ReLU activation function has many advantages over other activation functions like convergence happened six times faster using a ReLU activation function as compared to using a sigmoid or a Tanh activation function. It’s computationally very cheap.
If it is greater than zero just take the value and move on if it is less than zero sets it to zero and move on.
But ReLU has one problem which known as a dying neuron or a dead neuron problem if the input to a ReLU neuron is negative the output would be zero. Let’s understand how the gradient would flow in this kind of a situation.
Previous layer’s inputs with X1, X2 and Weights W1, W2. a is the pre-activation of that neuron then apply ReLU activation and you get the output y.

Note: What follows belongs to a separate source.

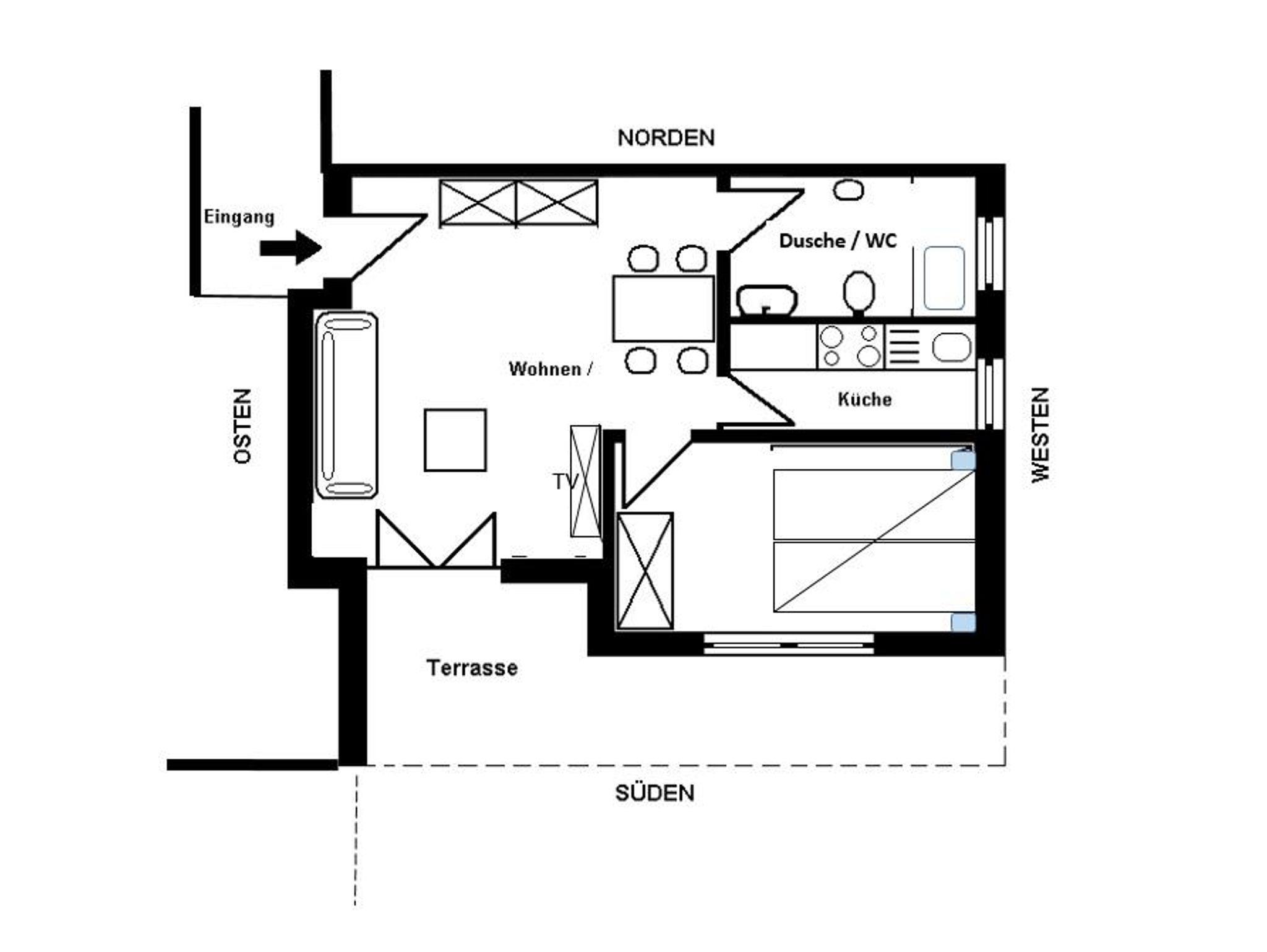 Terrassenwohnung Säuling mit einem Schlafzimmer, separater Küche mit Geschirrspüler, Wohnraum mit Essplatz und Südterrasse im Gartengeschoss(Hanglage) mit Blick auf die Lechtaler Alpen, Bad mit WC, Telefon und Tresor.

If the input a is negative it straight away become 0 and none of these weights would get any contribution through the ReLU activation which means those weights W1, W2 may never get updated they stay the same and this cycle could continue.
If W1 and W2 are negative which means in every cycle there will be no gradient update and the neuron never participates in the neural network’s output this is known as the dead neuron problem. It has observed through empirical studies that in, Neural network that has a ReLU activation in all its layers many neurons end up suffering from the dying neuron problem.
How to overcome this problem?
- You could initialize your bias weight to a positive value. In case W1X1 +W1X2 turns out to be negative having a positive maybe push a towards the non-negative side and this could help ReLU get activated and the gradients start flowing through this particular neuron.
- Other options are to use Leaky ReLU.You should be able to appreciate why Leaky ReLU was useful if you read the previous tutorial.
The shape of Leaky ReLU is very similar to ReLU on the positive side, for the negative side instead of making it 0 Just take a small value and that’s why it was max(αx,x) where alpha could be a small value such as 0.1. This lets the output of the ReLU not become zero which may kill the gradient but let a small gradient at least pass through the neuron so it doesn’t stop contributing to the neural network least contributes marginally. The exponential linear unit (ELU) also has the same effect.